Any criticism of Whitacre's management shakeup or of GM's ongoing problems was muted by the company's better-than-expected performance. It posted its first quarterly profit in almost three years in the first quarter of 2010, exceeding Team Auto's projections handily. Its net income of $865 million wildly outpaced a first-quarter 2009 loss of nearly $6 billion. Revenue jumped 40 percent globally, despite the elimination of the Saturn, Hummer, and Pontiac nameplates.

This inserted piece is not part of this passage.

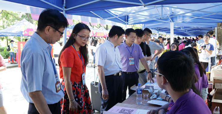 在忙碌的迎新工作中,校党委书记曾桓松、校党委副书记叶峥嵘走进迎新现场,指导查看现场工作,慰问迎新工作人员和志愿者。校领导来到每一处迎新点前,听取迎新工作介绍,询问迎新工作进展,并与在场的家长交谈,向迎新人员的辛勤工作致以问候。16日下午,校领导还分别深入主校区和星湖校区的新生宿舍,看望新生和家长,与他们亲切交谈,鼓励新生尽快适应大学生活,祝愿他们在砚园里快乐生活与学习,表达出学校的浓浓关爱。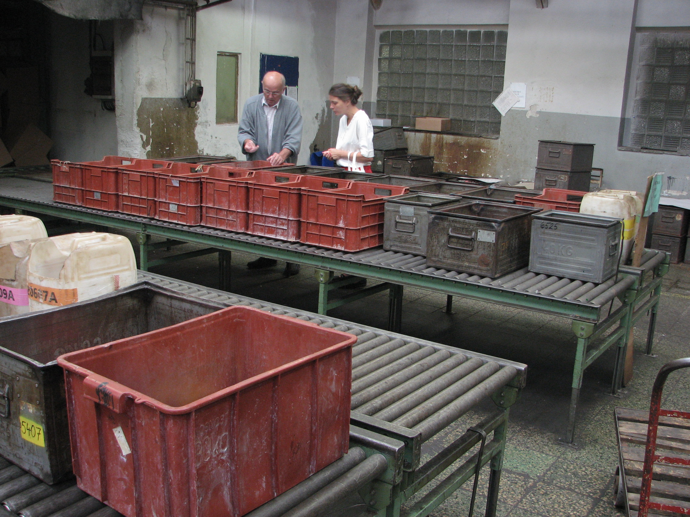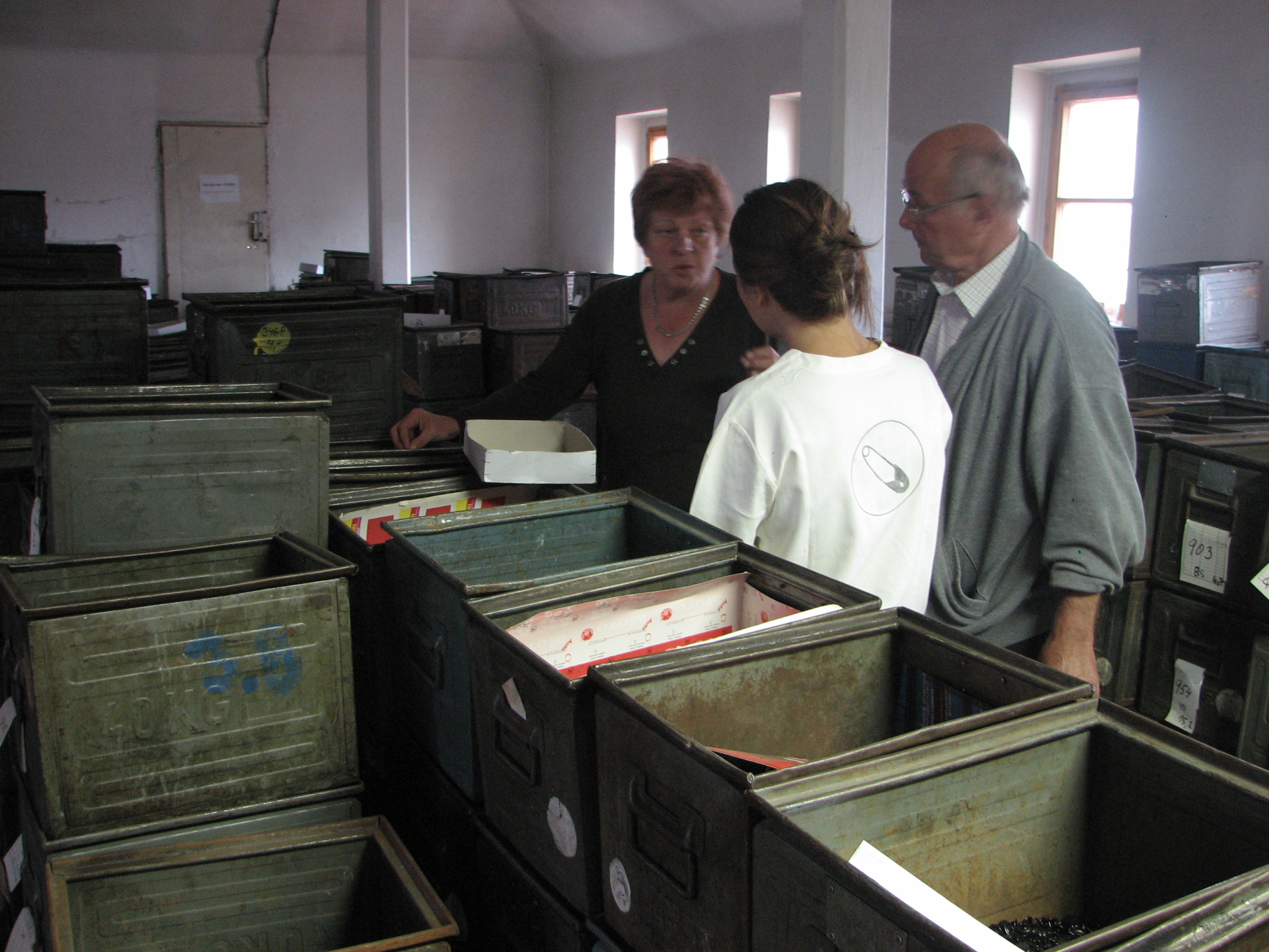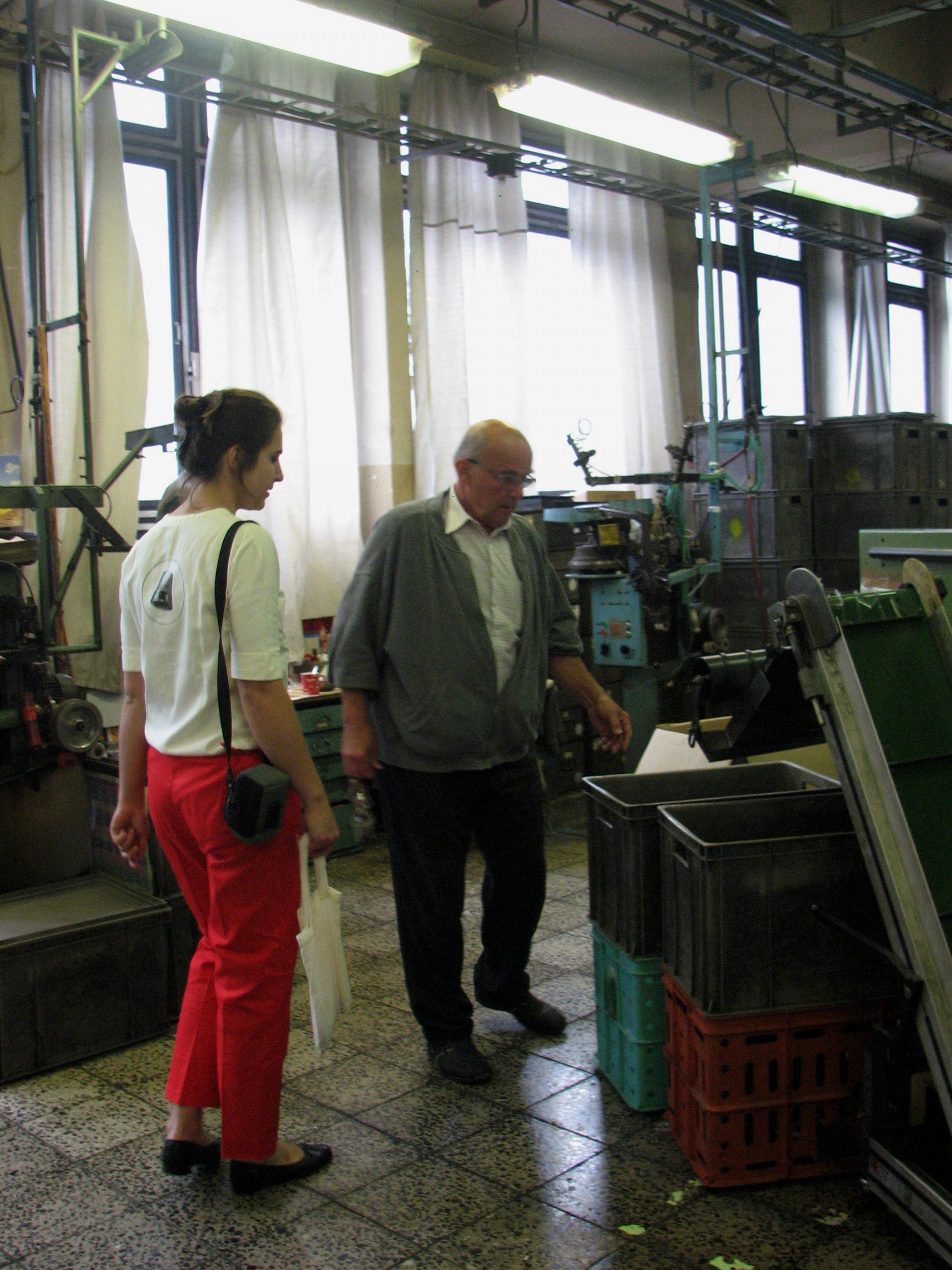 Začaly jsme u výrobních strojů na výrobu klasických patentek /pocházejících z dob FY Waldes a spol./, kdy výroba probíhá z plechu lisováním. Nahlédly jsme do prostor, kde se kovové výrobky pozinkovávají. V druhé budově jsme navštívily sklad hotových výrobků, adjustaci, expedici. Naposledy jsme se dostaly

Business had turned around so demonstrably that by spring Whitacre was having regular conversations with Ron Bloom about a public offering. The goal of many in the Obama administration, including Larry Summers, had long been for a stock sale in late 2010—not coincidentally around the time of the midterm elections. Now Whitacre embraced the idea. He felt an offering that got the government back some more of its money and reduced its ownership stake would ease animosity among the car-buying public toward "Government Motors." This animosity wasn't just in GM's imagination: Ford had reams of data showing that consumers were considering its Focuses and Explorers because Ford was the sole Detroit automaker that hadn't taken a handout.

Looking toward a November IPO, the U.S. Treasury issued a public request on May 10 seeking a bank to serve as GM's underwriter. This was a plum opportunity in the wake of the financial crash. Not only did GM have a shot at becoming the largest IPO in history, but in the future it would also need lines of credit, revolving loans, and other services. All the top banks threw their hats in the ring, each dispatching to Washington on May 19 a team of no more than five people and a pitch book of no more than twenty pages, as the Treasury had carefully specified.

Ordinary sales teams these were not: Bank of America and Morgan Stanley brought their CEOs, Goldman Sachs brought its president, and Citi had its CEO, Vikram Pandit, call in. Each presentation had an unabashedly patriotic tenor, emphasizing what a great advertisement for America it would be to cap a fast, successful government bailout with a triumphant return to the public markets.

As might have been expected, Jimmy Lee's pitch took the cake. A year earlier, during the Chrysler talks, he had angrily declared that he would steer clear of doing business with the government and that JPMorgan was "making a list" of industries, like autos, that it would avoid in the future because of government interference. But a brightening economy, an uptick in car sales, and an auto industry newly freed of leverage and legacy costs had prompted Jimmy to reconsider. To underscore the importance of the deal to JPMorgan, he'd brought his CEO, Jamie Dimon, down with him on the Acela.